Судя по всему, набив шишки на своих многочисленных неудачах, Пейн научился хорошо излагать свои мысли, и теперь он направил это умение на благо того дела, которое, как он надеялся, осчастливит человечество. Его обращения к американцам подвергали сомнению некоторые из их глубочайших убеждений, а именно то, что их права дарованы древними конституциями, а также то, что их интересы защищены историческими связями с Британией. Эти убеждения Пейн называл «иллюзорными». По его мнению, никакая непреложная политическая истина более не была таковой. Британская конституция, далекая от того, чтобы считаться благом цивилизации, ее части «являются порочными остатками двух древних тираний» — монархии и аристократии. Большая часть американских публицистов избегала нападок на короля даже после начала войны — их точка зрения выражалась в том, что король находится под влиянием своих недобросовестных министров. Пейн с презрением обрушился на такое благодушие. Монархия, пояснял он, «самое ловкое из ухищрений дьявола для насаждения идолопоклонства». Что касается наследственной монархии, то эта практика извращает законы самой природы, которая иначе «не обращала бы их в насмешку, преподнося человечеству осла вместо льва». Весь трактат пестрел такими меткими сравнениями, равно как и изобретательными нападками на институты, которые американцы привыкли считать связующими их с метрополией. Большинство убийственных доводов подавалось в контексте текущей политической ситуации или излагалось языком, понятным среднему американцу. Например, Пейн пересказывал ветхозаветную историю монархии, а если его аудитория не улавливала связи с язычеством, то он без обиняков сравнивал монархию с государственным папизмом[571].

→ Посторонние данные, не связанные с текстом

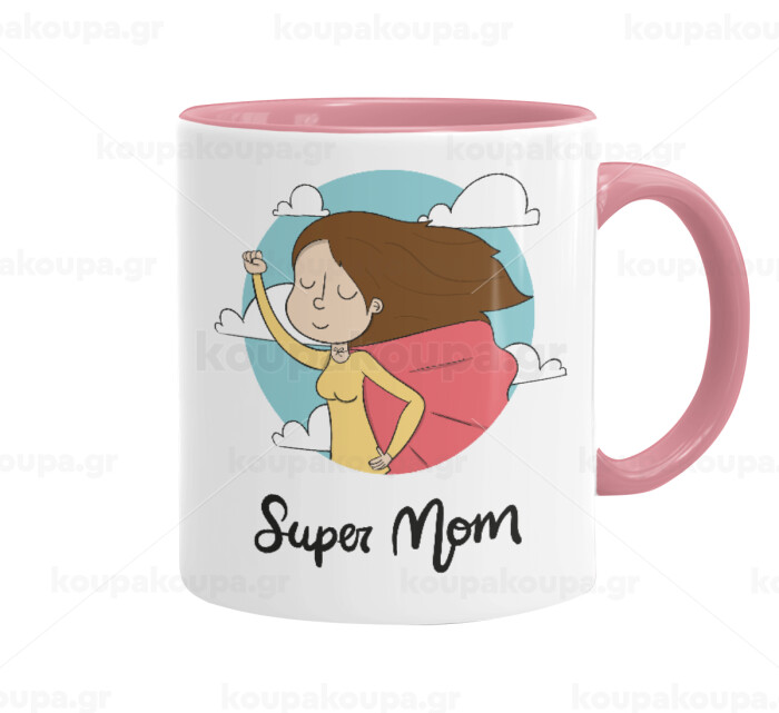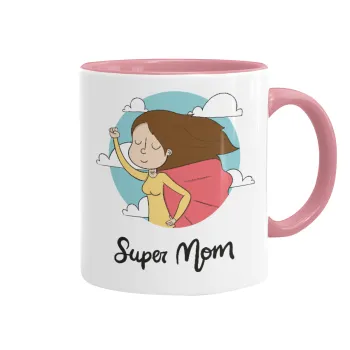 Super mom, Κούπα χρωματιστή ροζ, κεραμική, 330ml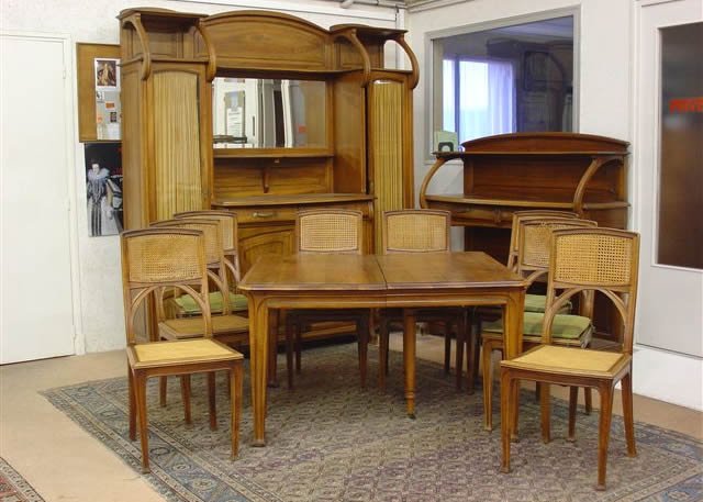 en noyer mouluré, aux montants sinueux et arqués dans la partie supérieure de 12 pièces, comprenant: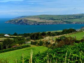 Ich war dabei. Ganz oben. In der Hand … na, Ihr wisst schon. Kein Regen mehr, bedeckt mit Hoffnungsschimmer, ca. 19°. Der Anker wurde geworfen und die Tenderboote zu Wasser gelassen. Unseren Anker warfen wir im Restaurant, um direkt nach dem Frühstück per Tender an Land gebracht zu werden. Was hatten wir an diesem Tage vor? Nichts Bestimmtes. Entweder per Bus in die Kleinstadt St. Davis fahren oder ganz einfach Richtung Fishguard und über walisische Hügel zu wandern. Aber wie schon so oft kam alles anders. Nur nebenbei lauschten wir der glockenreinen Stimme einer Waliserin. Ein Volkslied in ihrer alten Sprache. Unser Hauptaugenmerk war auf Plakate gerichtet, die einen Ausflug zu schönen und interessanten Zielen in North Pembrokeshire offerierten. Vier Stunden im Kleinbus – und der Preis stimmte. Wir entschieden uns schnell und saßen nach einigen Minuten mit vier anderen Ausflüglern in einem VW-Bus. Und los – zunächst durch das kleine, gemütliche Fishguard mit seinem pittoresken Fischerhafen, dann über Nebenstrecken hügelauf- und -abwärts. Die Landschaft gefiel uns außerordentlich. Sie erinnerte mit ihren durch Hecken und Trockensteinmauern eingefriedeten Weiden an Irland. Auch die Straßen. Eng und mitunter begrenzt mit rechtwinkelig nach oben gehenden Mauern oder Hecken. So eng, dass bisweilen keine zwei Autos nebeneinander passten. Natürlich mit Ausweichstellen. Ab und zu mit Grasnarben in der Mitte – die walisische Autobahn … Natürlich wies unser Guide auf Eigentümlichkeiten und interessante Dinge hin. Auf gut zu verstehendem Englisch; zumindest Grundkenntnisse waren von Vorteil. Gut war, dass kein permanenter Rededurchfall auf uns herabprasselte. So konnten wir uns primär auf die Umgebung konzentrieren.

Тем, кто не был столь впечатлителен или был лишен протестантских предрассудков, Пейн призывал на помощь «простые факты, ясные доводы и здравый смысл», касающиеся положения Америки, доказывая, что оно непременно ухудшится, если пойти на временное примирение. Для подкрепления своих выводов Пейн пользовался традиционными аргументами, демонстрирующими противоположность интересов англичан и американцев, однако самым убедительным доводом, раньше не звучавшим, стало то, что кровь американцев уже пролилась, и с каждой каплей этой крови их привязанность к «стране предков» ослабевает. Борьба идет на уровне страстей, и той страстью, что обращена на Британию, стала ненависть. Вывод казался очевидным: «Примирение — обманчивая мечта»[572].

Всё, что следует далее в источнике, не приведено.